4. Where Can an IRB Register? (Proposed § 56.106(d))
Proposed § 56.106(d) would direct IRBs to register at a specific Internet address (which FDA will provide when it issues any final rule) or, if an IRB lacks the ability to register electronically, to send its registration information to a specific mail address (which FDA will provide in a final rule). Although electronic registration may be easier and faster than written registration, FDA cannot determine how widespread Internet access is among IRBs. Thus, the agency will allow for written registration as an alternative to electronic registration, but invites comment on whether it should discontinue written IRB registration procedures after some time period has elapsed.Start Printed Page 40559
5. How Does an IRB Revise Its Registration Information? (Proposed § 56.106(e))
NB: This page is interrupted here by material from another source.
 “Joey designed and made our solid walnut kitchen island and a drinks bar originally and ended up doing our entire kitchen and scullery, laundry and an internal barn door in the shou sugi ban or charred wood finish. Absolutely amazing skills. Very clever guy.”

Under proposed § 56.106(e), if an IRB's contact registration information changes, the IRB must revise its registration information within 90 days of the change. All information involving changes other than changes in an IRB contact or an IRB chairperson only need to be updated at the time of the 3- year renewal under proposed § 56.106(c). For example, if an IRB selects a new chairperson, the IRB would, under proposed § 56.106(e), revise its registration information within 90 days of the new chairperson's selection. If an IRB reviews new types of FDA-regulated products, the IRB, under proposed § 56.106(e), would revise its registration information to reflect this change within 30 days.
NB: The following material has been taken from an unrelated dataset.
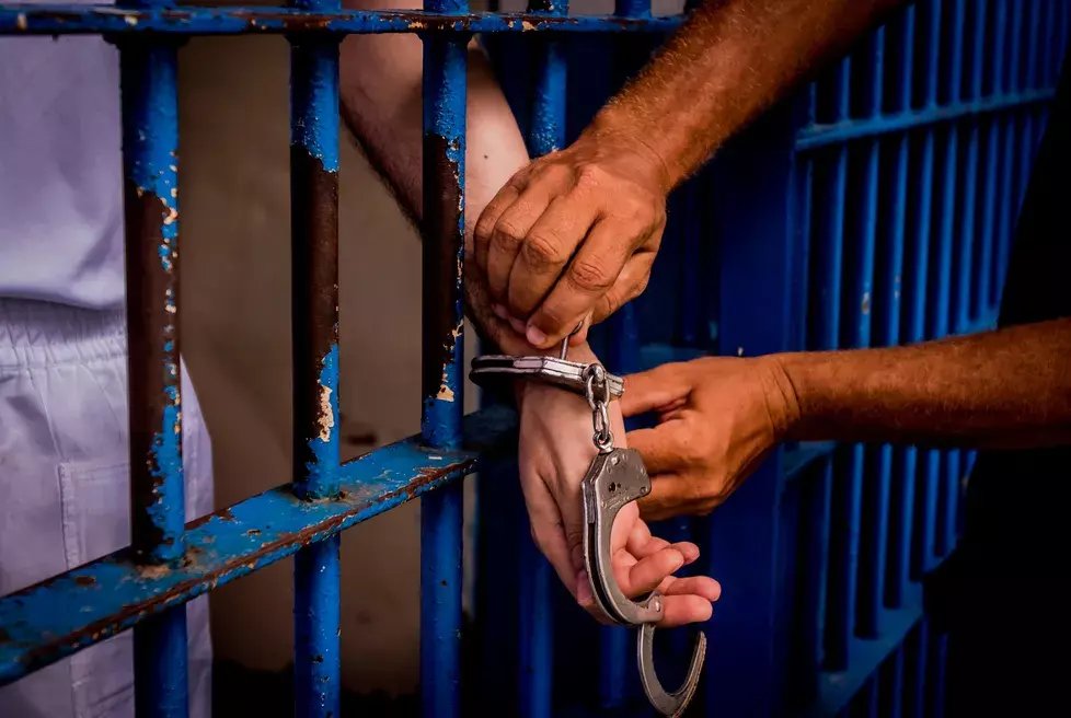 Preso sendo algemado atrás de grades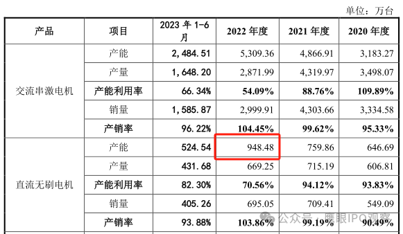 招股书披露,2022年,公司直流无刷电机产能利用率仅为70.56%,2023年1-6月的产能利用率也仅为82.30%。

Proposed § 56.106(e) would also consider an IRB's decision to disband or stop reviewing clinical investigations regulated by FDA to be a change that must be reported. Requiring IRBs to report when they have disbanded or stopped reviewing clinical investigations regulated by FDA will enable FDA to stop sending educational information to the IRB and also forego inspecting the IRB.
Revised registration information would be submitted electronically at the Internet address (which FDA will identify by the time it issues a final rule). If an IRB lacks Internet access, it would submit any revised registration information, in writing, to a specific mail address (which FDA will identify by the time it issues a final rule).
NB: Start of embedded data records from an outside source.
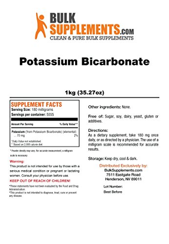 Studio : BulkSupplements Publisher : BulkSupplements Binding : Health and Beauty Product Description Potassium bicarbonate is a form of potassium that benefits heart, digestive, and muscular function. It helps regulate the body's pH balance and may also help relieve symptoms of potassium deficiency, such as muscle cramps, fatigue, and constipation. It is also used in the food industry as a buffering agent, in farming to neutralize acidic soil and prevent mildew growth, and as a fire suppression agent. 0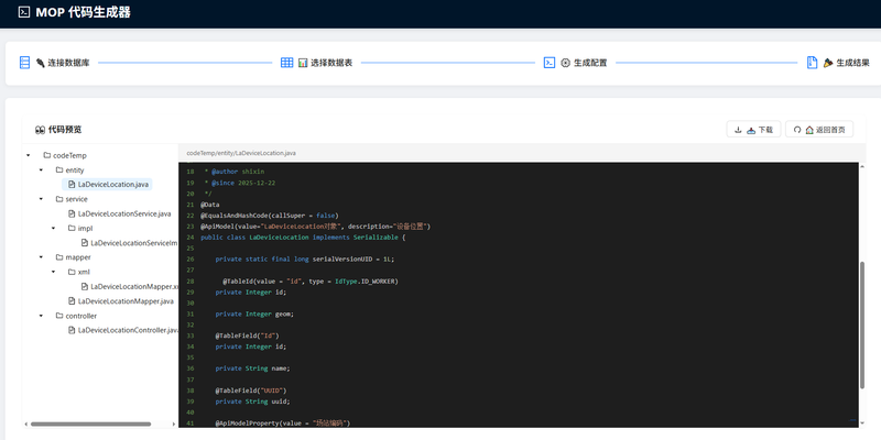 预览下载: 实时预览 Java 代码(高亮显示),支持 ZIP 打包下载。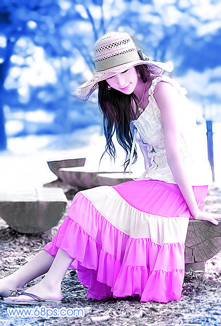 調色只能是作為一個參考,不同圖片調色的方法是各不相同的,不過可以從幾個大的方面入手:通道調色,背景效果處理,人物局部調色。原圖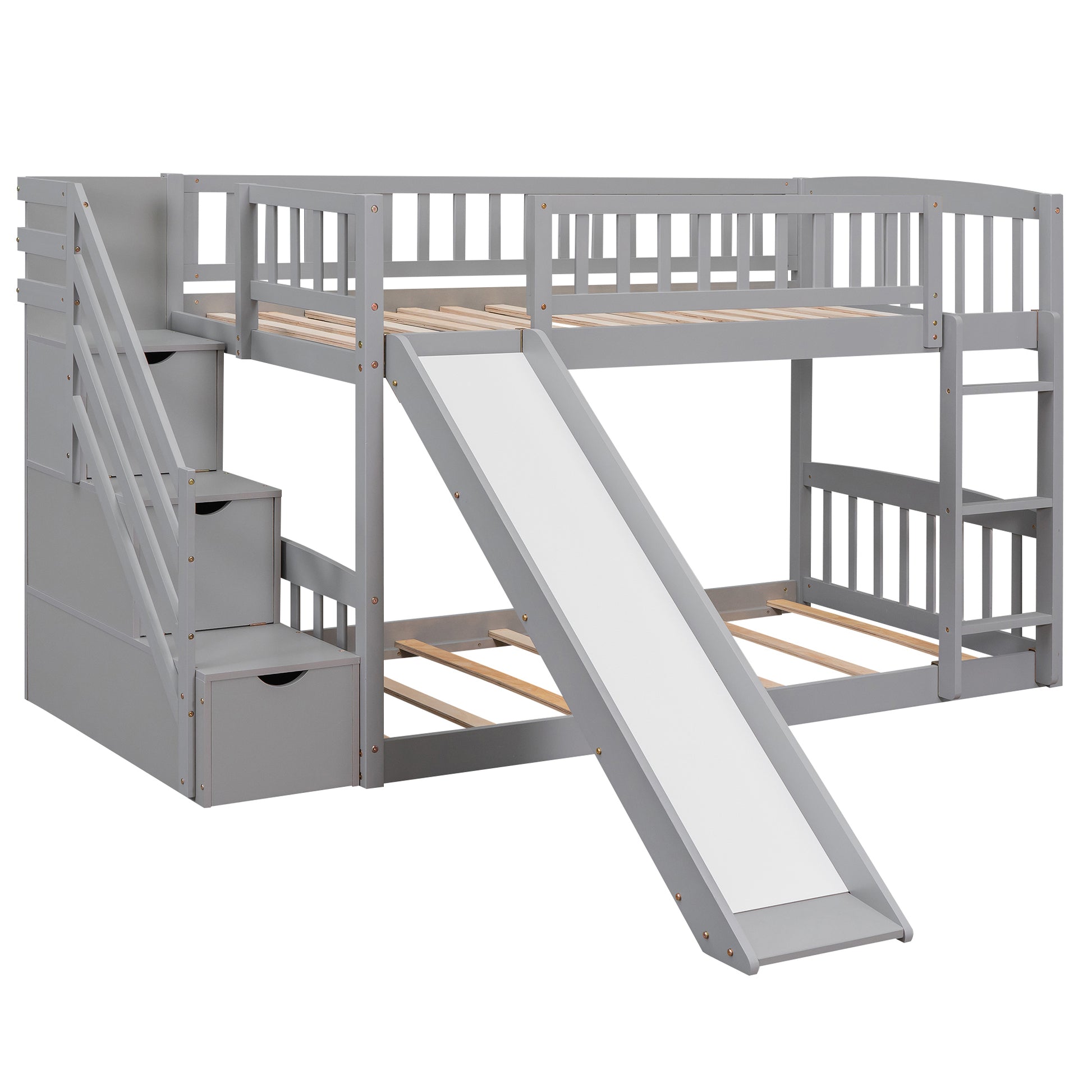 If you need extra sleeping space or you love sleepovers, this Stairway Twin-Over-Twin Bunk Bed with Drawers and Slide is perfect for your home. The build-in ladder and staircase provide easy access to the top bed, and the two drawers located beneath the attached staircase provide ample storage for your toys and bedding. For added extra fun, slide is included and can be put either left or right. The 11.9" tall guardrails to keep your safe on the top bunk. High-quality, solid pine legs and a strong, durable frame ensures stability and durability for long-term use. Slat kit included so box springs are not required. This bunk bed is designed with a clean silhouette and a hue of elegance. It suits all styles of home decoration, and completes the look of any bedroom.
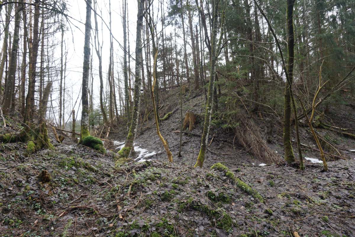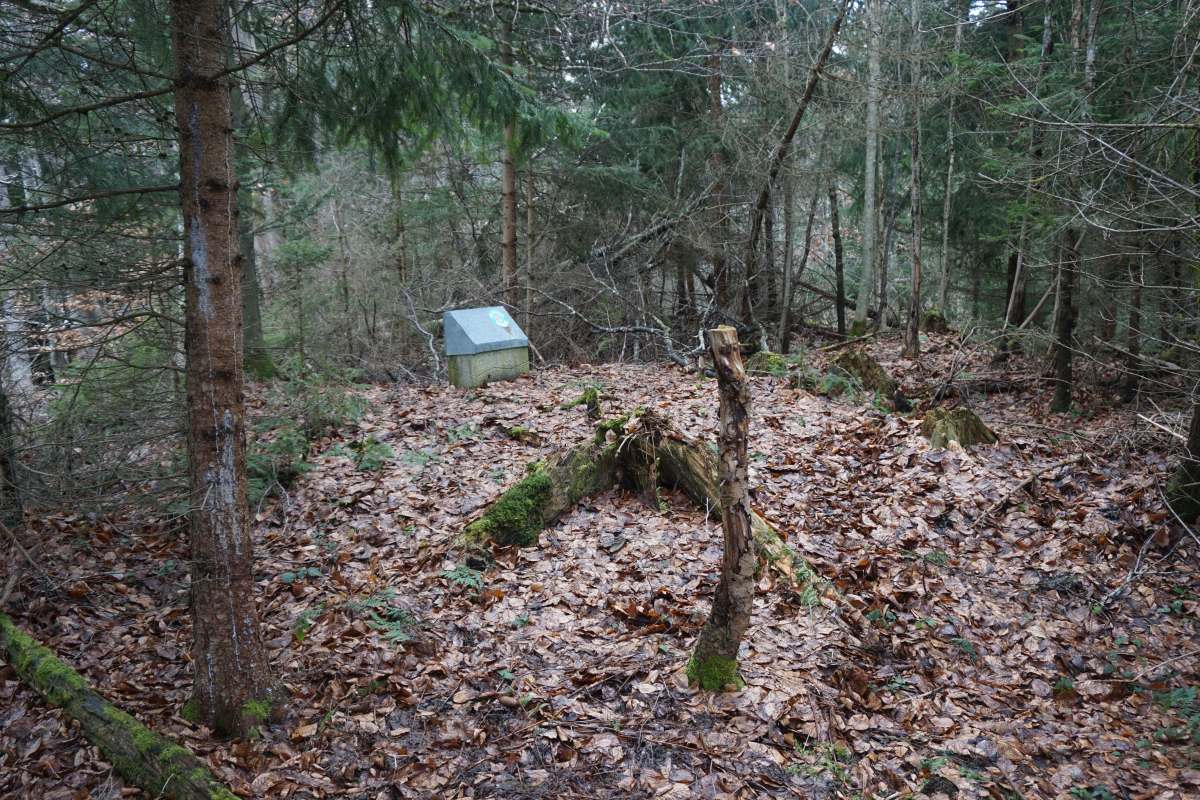 Burgstall. Wenn man dem schönen Forstweg des Staufner-Berg-Rundwegs folgt und dann auf gut

6. What Happens if an IRB Does Not Register?
As stated earlier, requiring IRBs to register will help FDA send educational information to IRBs and identify IRBs for inspection. If sponsors of clinical investigations or marketing applications and investigators could use unregistered IRBs, those IRBs would not have had the benefit of receiving educational materials from FDA and would not have been identified on an FDA IRB registration list for future inspection. Therefore, to the extent that any existing FDA regulation requires a sponsor or investigator to comply with part 56 or to use an IRB that complies with part 56, FDA will consider sponsors and investigators using an unregistered IRB to be in conflict with their regulatory obligations. For example, the IND regulations in § 312.66 (21 CFR § 312.66), require an investigator to use an IRB that complies with part 56. If the investigator uses an unregistered IRB, FDA would consider the sponsor or investigator to be in violation of its obligations under § 312.66. (See also § 312.53(c)(1)(vii) (IND sponsor must obtain a commitment by the investigator that an IRB that complies with part 56 will be responsible for the initial and continuing review and approval of the clinical investigation); 21 CFR 361.1(d)(5) (investigators studying radioactive drugs must obtain review and approval by an IRB that complies with part 56); § 812.42 (21 CFR 812.42) (sponsor shall not begin a device investigation until an IRB and FDA have approved the application or supplemental application relating to the investigation); § 812.60 (IRB reviewing and approving device investigations must comply with part 56 in all respects)). An IRB that refuses to register may be subject to administrative action for noncompliance (see, e.g., §§ 56.120, 56.121, and 56.124). FDA believes that the proposed registration requirement is both simple and straightforward and beneficial to IRBs, so the agency does not expect that many IRBs will refuse or fail to register.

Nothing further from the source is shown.